Requirement: Copy nothing before the line that contains "Gökyüzünde ayın hilale"; from there, transcribe each line exactly through the end of the material, omitting pictures.

Available data:
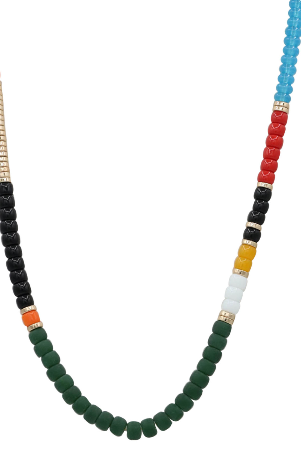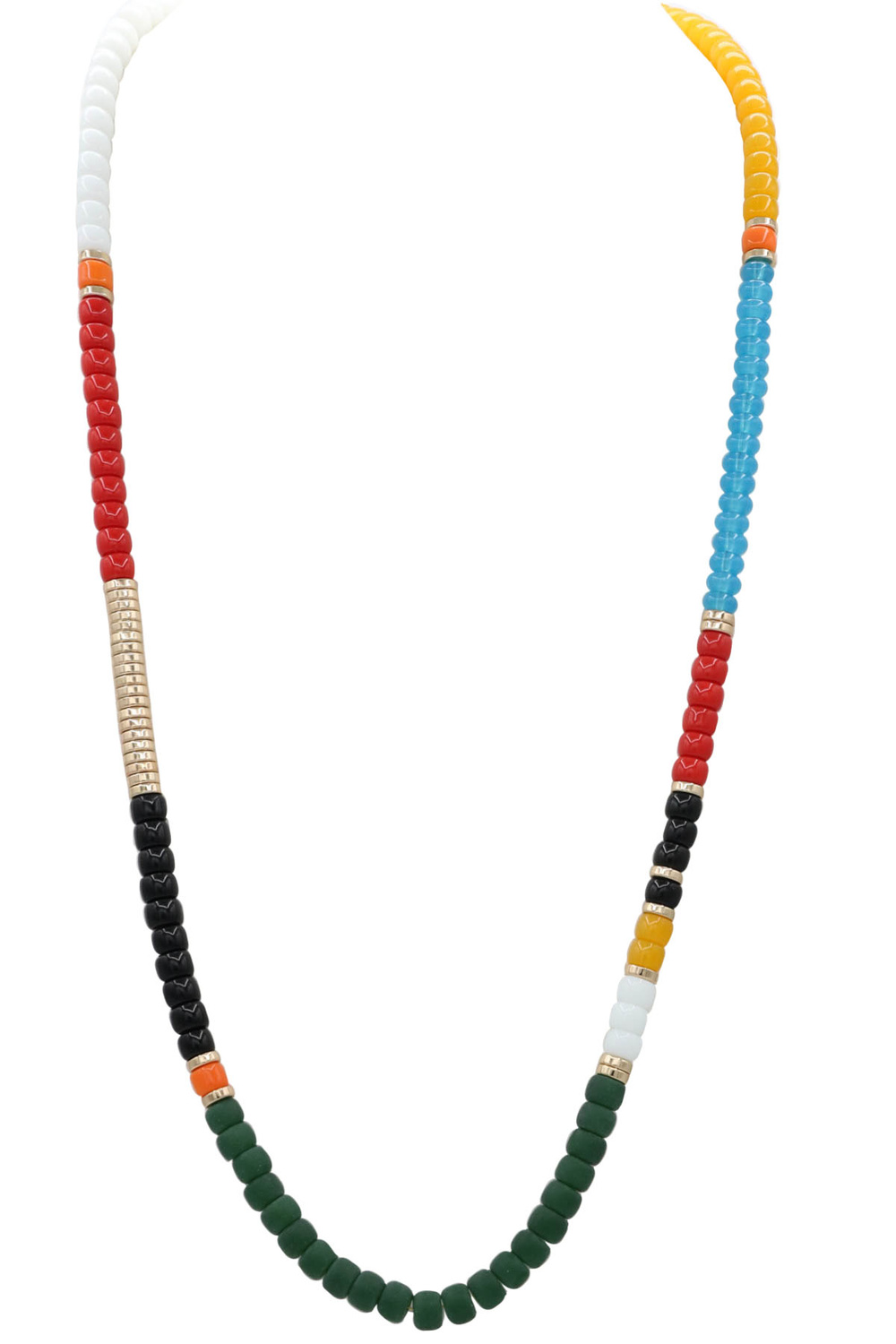- A beautifully layered long necklace featuring mixed beads and metallic disc details.
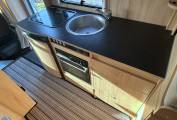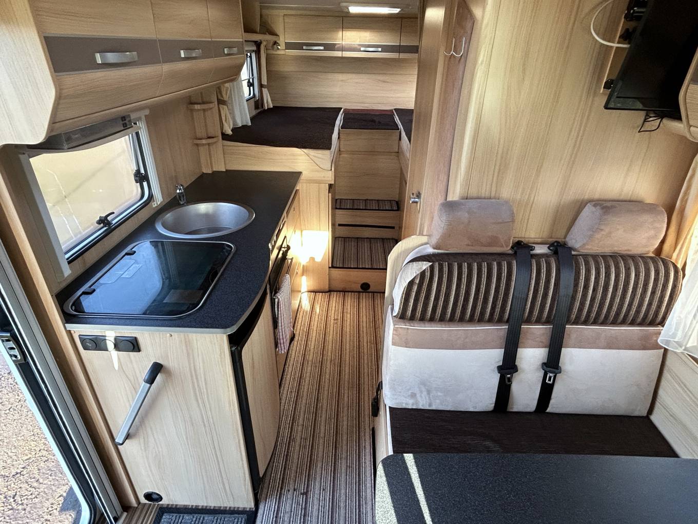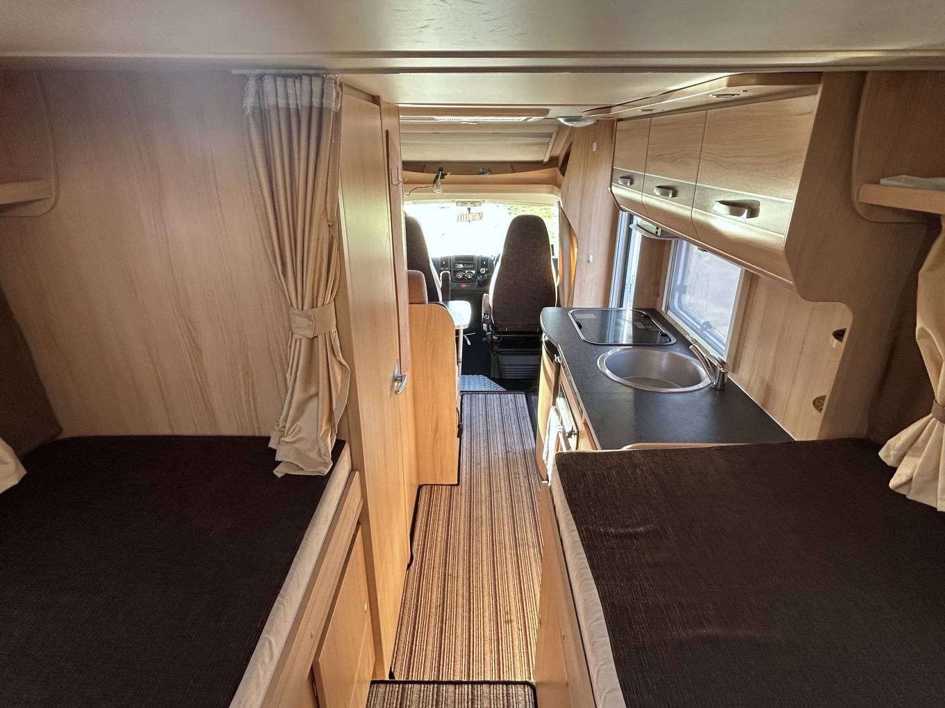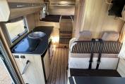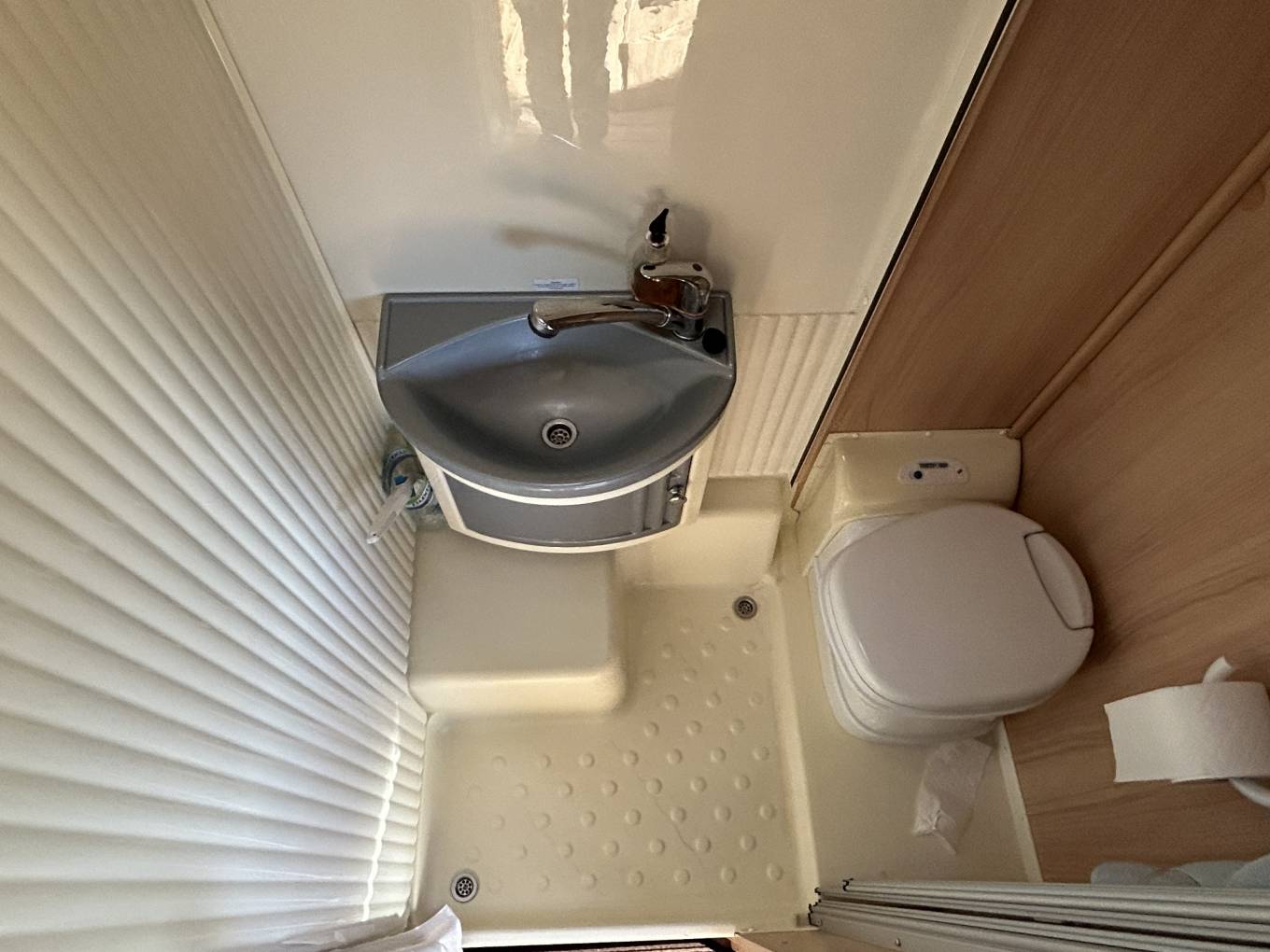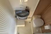 Designed with comfort and practicality in mind, this motorhome is ideal for both extended touring and shorter getaways. The large rear garage provides excellent storage space for outdoor furniture, bicycles or touring equipment, making it perfectly suited to long-term travel. Externally, it is equipped with a wind-out awning for effortless outdoor living, while the fitted solar panel helps keep the leisure battery topped up when off-grid. Inside, the fixed rear bed offers superb flexibility, easily configured as either a generous king-size bed or two comfortable single beds. The spacious washroom is well appointed with a showerhead, Thetford cassette toilet, wash basin with mixer tap, and two storage units to neatly organise toiletries.
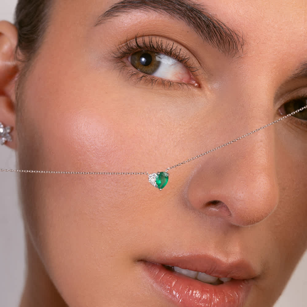 A pear-cut emerald embraced by a sweep of pavé diamonds forms a heart of quiet radiance—an emblem of emotion, captured in precious stones. Set in 18K gold, it rests delicately against the skin, catching the light with every movement. Graceful, fluid, and unmistakably refined, it’s a piece made to hold sentiment close.
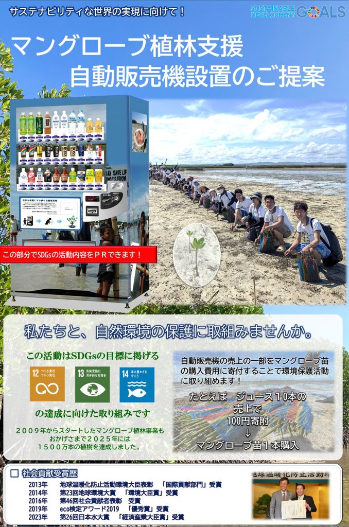 カネパッケージは、売上の一部がマングローブ植樹の寄付になる「空気を綺麗にする夢の自動販売機」の設置を推進しています。 この自販機で飲み物を買うたび、その想いがフィリピンの苗木となって、未来へと植えられていきます。
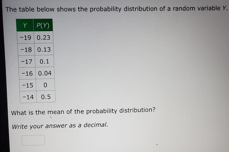 The table below shows the probability distribution of a random variable Y. Y P(Y) -19 0.23 -18 0.13 -17 0.1 -16 0.04 -15 0 -14 0
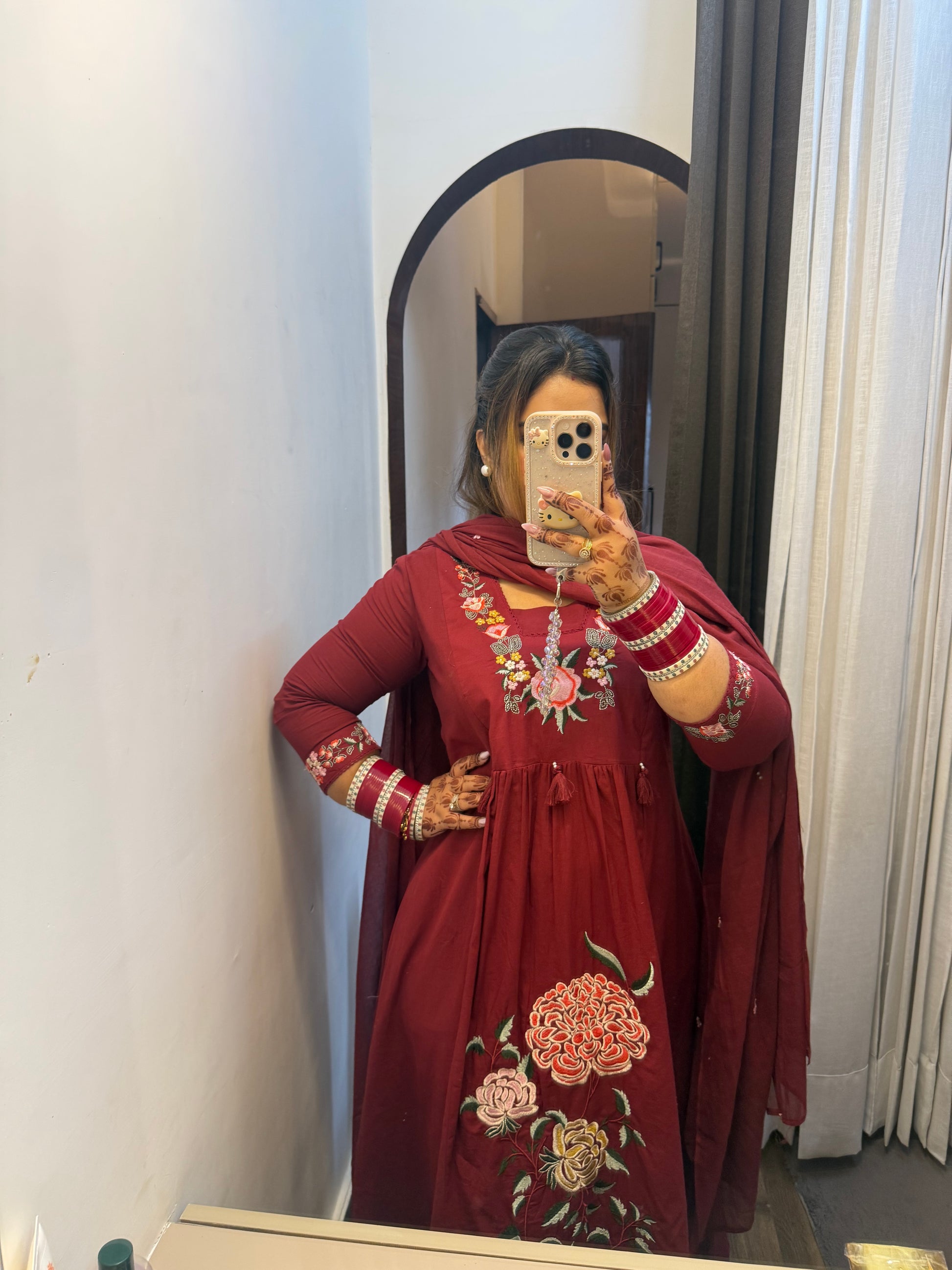 Embroidered kurta with straight cotton lowers along with floral small booties on duppata ✨
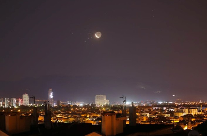 Gökyüzünde ayın hilale dönmüş görüntüsüyle, Ülker yıldız kümesinin Bursa’nın üzerinde bir arada parladıkları Tunç Tezel Ustanın fotoğrafı gökyüzünün gece sırlarını da aydınlatıyor.
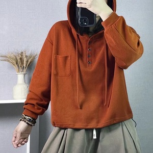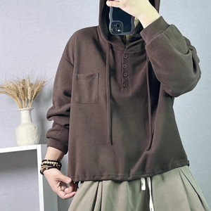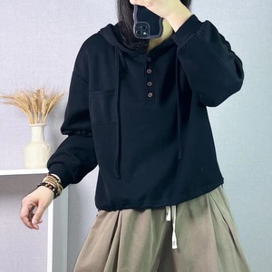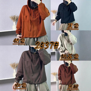 新品文艺时尚纯色抽绳下摆长袖套头连帽卫衣

Task solution:
 Gökyüzünde ayın hilale dönmüş görüntüsüyle, Ülker yıldız kümesinin Bursa’nın üzerinde bir arada parladıkları Tunç Tezel Ustanın fotoğrafı gökyüzünün gece sırlarını da aydınlatıyor.
 新品文艺时尚纯色抽绳下摆长袖套头连帽卫衣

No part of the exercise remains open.